François Dubet fait une distinction entre ce qui, dans l'expérience d'un individu, relève du système d'intégration et de la socialisation d'une part, et ce qui relève du système d'interdépendance et de la stratégie d'autre part.

Dans l'extrait d'entretien qui précède, situation ô combien fréquemment rencontrée dans nos entretiens, on a affaire à la découverte par un parent, ici la mère, des ruses de sa fille visant à dissimuler ses changements d'habitudes alimentaires. Le système d'intégration de Melle L.OA ici est familial, c'est ce qui fait qu'elle est socialement appelée à participer aux repas, cette socialisation lui permet de maintenir son identité d'enfant de cette famille, à ses propres yeux d'abord, puisqu'elle ne remet pas en cause sa participation au repas, et aux yeux des membres de son foyer, parents et frères. Son identité intégratrice de fille de la famille est la manière dont elle a intériorisé les valeurs institutionnalisées à travers les rôles des différents membres ce cette famille, notamment ici sa mère qui lui offre à manger, et elle-même qui mange le repas avec sa mère, son père, ses frères.
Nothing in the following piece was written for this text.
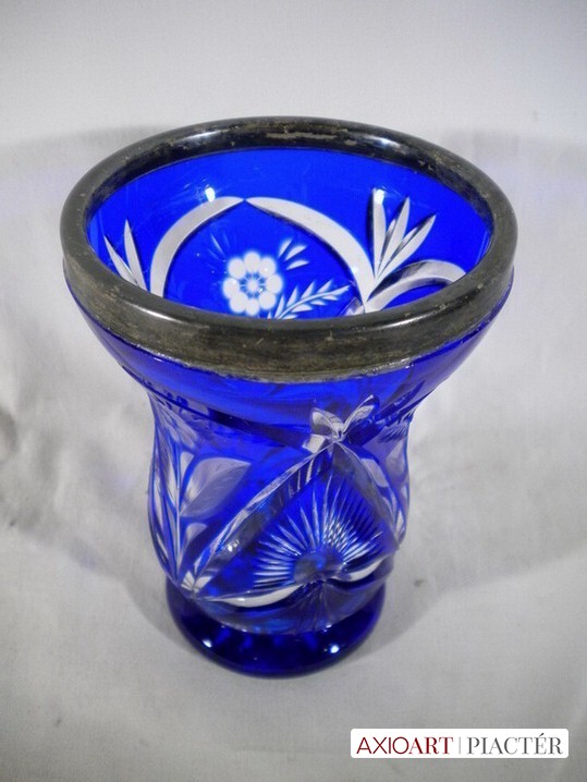 [P074/VTR-G] Hibátlan állapotú, 1800-as évekből való kék színezett kristály pohár, peremén ezüst díszítés. Magasság: 13.5 cm Szélesség: 9.5 cm

On peut ici voir que, contrairement à ce qu'une sociologie des conduites de crise peut affirmer, la conduite sociale « pathologique » n'est pas dans le cas de Melle L.OA la résultante d'un défaut d'intégration du système. Le repas se déroule normalement, elle ne fait pas état dans son histoire familiale d'éléments ayant trait à un défaut de socialisation, si ce n'est une forte intégration des valeurs parentales dans l'enfance, une obéissance sans faille, qu'elle présente comme un défaut par l'excès. De manière formelle, Melle L.OA ne remet pas en cause sa participation au repas, elle tente de consoler sa mère, acte très fort, tout un ensemble d'actes témoignent du maintien apparent de son intégration aux valeurs familiales. Pourtant par son acte de dissimulation d'aliments, elle témoigne d'un rejet de ces valeurs.

Là où le système d'interdépendance est visible, c'est qu'elle dissimule ses nouvelles habitudes, maintenant une identité de surface inchangée par rapport à « avant » et gardant intime sa nouvelle subjectivité de jeune personne qui fait un régime alimentaire extrêmement restrictif. Encore plus visible, l'interdépendance l'est dans l'autre sens au moment où la mère de Melle L.OA est effondrée quand elle découvre le stratagème, alors même qu'elle était inquiétée depuis des mois par l'amaigrissement de sa fille et ayant mis en oeuvre de nouvelles habitudes comme aller chercher sa fille à midi et lui faire des plats plus riches, habitudes auxquelles Melle L.OA ne s'est pas ouvertement opposée, pour ne pas trahir ses engagements intimes, ni l'impression de laisser à sa mère son devoir légitime, et plus encore : légal, de la nourrir. L'identité de Melle L.OA se trouve donc en tension entre ces deux systèmes répondant à des logiques différentes, ou plutôt au croisement des deux : entre socialisation et désaffiliation dissimulée. Elle reste intégrée en surface en maintenant la commensalité du repas, mais se soustrait par la ruse à un certain nombre de valeurs. Elle prend finalement une place d'individu en exerçant une certaine autonomie dans les actes, se soustrayant au devoir alimentaire de sa mère, mais en ne changeant pas sa place sociale au sein de la famille.

Donnons un autre exemple a contrario de cette interdépendance enfants/parents, ou fille/mère dans les cas présentés. Melle MH.RI dont les parents sont divorcés, habite avec sa mère et son frère, elle est donc amenée à prendre ses repas quotidiens avec sa mère. Elle explique lors de l'entretien que sa mère est très préoccupée par son travail, et malheureuse, et ne prend plus le temps de cuisiner pour elle et son frère, que c'est elle-même qui s'en occupe. Les voilà réunis à table pour fêter Noël avec l'ami de sa mère.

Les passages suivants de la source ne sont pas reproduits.